The Beijing Olympics in 2008 were a major setback for human rights in China. As Human Rights Watch has documented, thousands of Beijing residents were evicted from their homes to make way for the construction of Olympic sites, with no due process and no compensation. The Chinese government silenced and suppressed dozens of activists and critics of the Olympics such as Hu Jia and Liu Xiaobo. Many remain in prison. The government also imposed stringent media and internet censorship during the Games.

The IOC should not have been able to get away with the blatant sanitisation that allowed it to report that the Beijing Games were an "indisputable success".

And here's where London comes in. Ahead of 2012, the UK should establish a committee that would monitor and report on adherence of the host government to human rights benchmarks such as media freedom, labour rights, land rights, freedom of expression and civil liberties.
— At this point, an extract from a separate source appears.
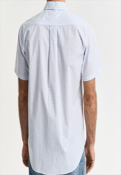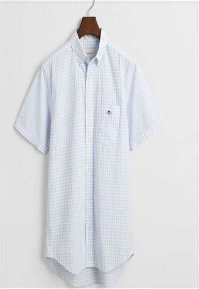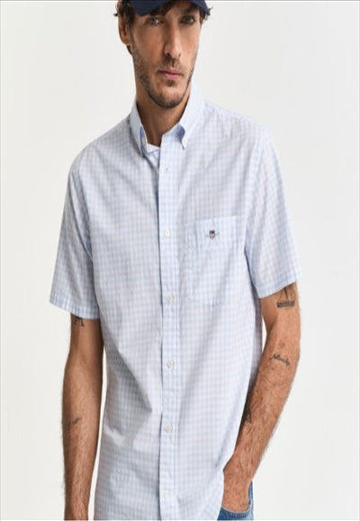 أضف لمسةً عصريةً إلى مجموعة قمصانك مع هذه القطعة المصنوعة من قماش البوبلين القطني والمزخرفة بنقشة المربعات المربعة. صُمم هذا القميص بقصّة عادية وأكمام قصيرة لأشهر الصيف الدافئة. يتميز بياقة بأزرار، وحاشية منحنية، وجيب على الصدر مطرز بتطريز درع، وثنية مربعة مع حلقة قفل في الخلف.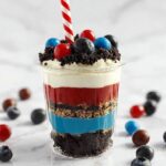 Leftover Red, White and Blue Dirt Cups can be covered with plastic wrap or stored in airtight containers in the refrigerator for up to 3 days. Keeping them chilled helps maintain the pudding’s creamy texture and keeps the Oreo “dirt” from becoming soggy.

Such a committee would not only build confidence in our government's commitment to uphold the Olympic charter. It would also establish a precedent and put irresistible pressure on the IOC to establish its own permanent monitoring and review committee for future games. We have outlined our proposal in a letter to Olympics minister Tessa Jowell.

A permanent IOC monitoring committee would send a strong message to the Russians, who will be staging the 2014 Winter Olympics in Sochi. Quite apart from wider concerns about political repression in Russia, the potential for abuses directly related to the Sochi games is real. Human Rights Watch has already documented the suppression of peaceful protests during IOC visits.

The IOC is not a human rights organisation. Human Rights Watch does not expect it to solve all the human rights problems in a host city or country. We do, however, expect the hosts and the IOC to ensure that human rights violations do not occur as the result of the staging of the Olympics and that, where the Olympic movement has influence on specific rights, it uses it to prevent abuses.

By establishing a committee to monitor human rights benchmarks, London would give the IOC a powerful tool to do just that. We should not pass up that opportunity.